Otro tema es el del lenguaje inclusivo y el hablar en plural, una práctica a evitar porque supone asumir las responsabilidades propias del niño. «No se puede decir ‘tenemos un examen’, ya que no lo tiene el padre, sino el niño», indica Álava Sordo. «Si actuamos así, los niños se vuelven comodones porque saben que los padres van a asumir sus responsabilidades. Esto ocurre, por ejemplo, cuando los niños ya no apuntan los deberes en la agenda porque las madres acaban preguntando en el grupo de chat que hay para el día», relata la autora de «Queremos hijos felices. Lo que nunca nos enseñaron».«Es mejor que el alumno no haga los deberes o que los haga de forma errónea a que se los hagan los padres para que sea el profesor quien les corrija» (Fernández Guisado, presidente nacional de ANPE)

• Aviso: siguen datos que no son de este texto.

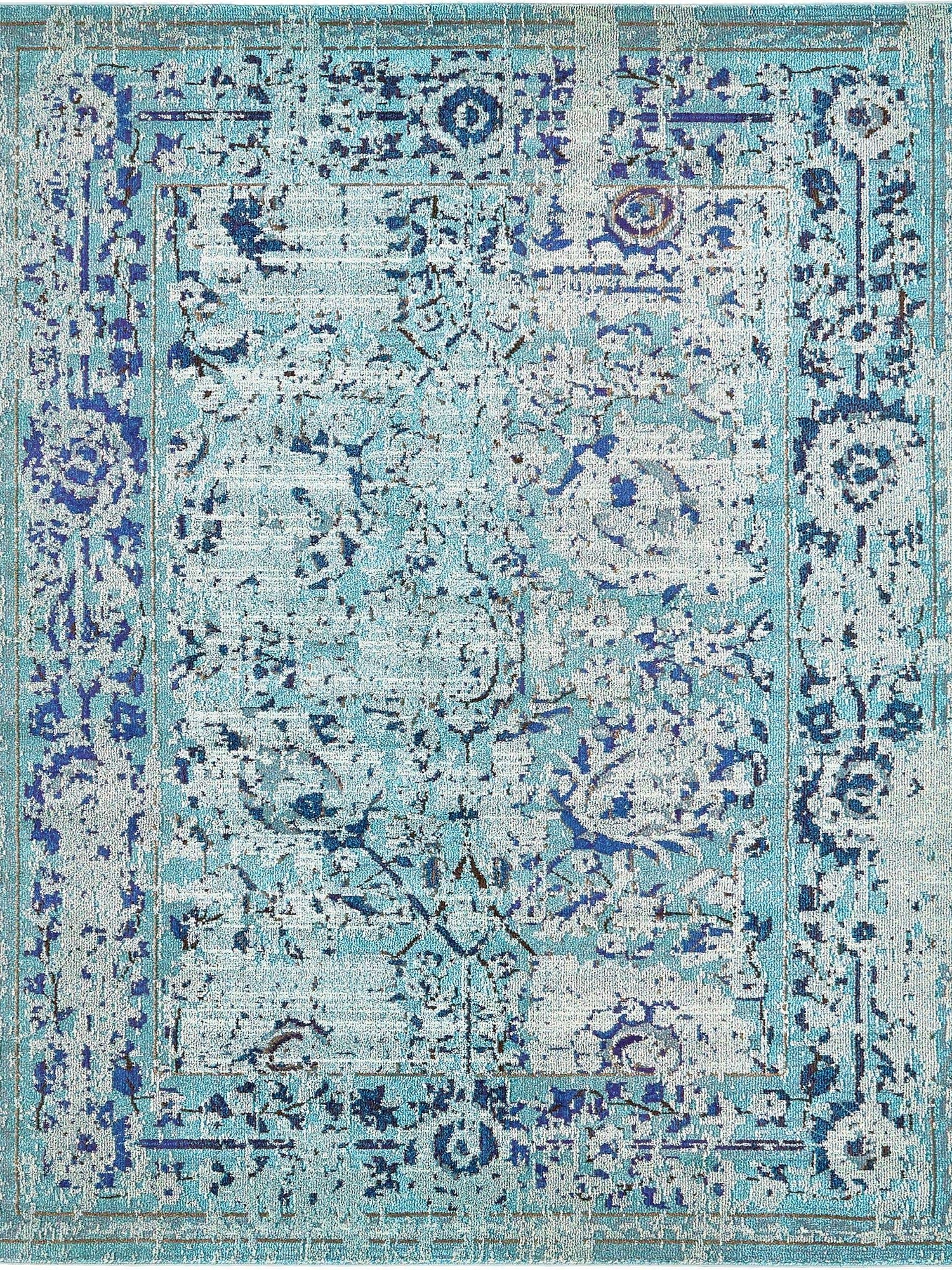 Light Blue 8' x 10' Medici Rectangle Area Rug 100% Polypropylene Traditional Vintage Classic Carpet for Home Interior Design Decor

Por su parte, el profesor Fernández Alonso aboga por dar de baja los grupos de chat de padres y madres donde se intercambia información sobre los deberes diarios. «Si un día se olvida el libro o no apuntó los deberes en la agenda, lo mejor es que los lleve sin hacer y se enfrente (sin mucho drama) al hecho de olvidar su responsabilidad», concluye.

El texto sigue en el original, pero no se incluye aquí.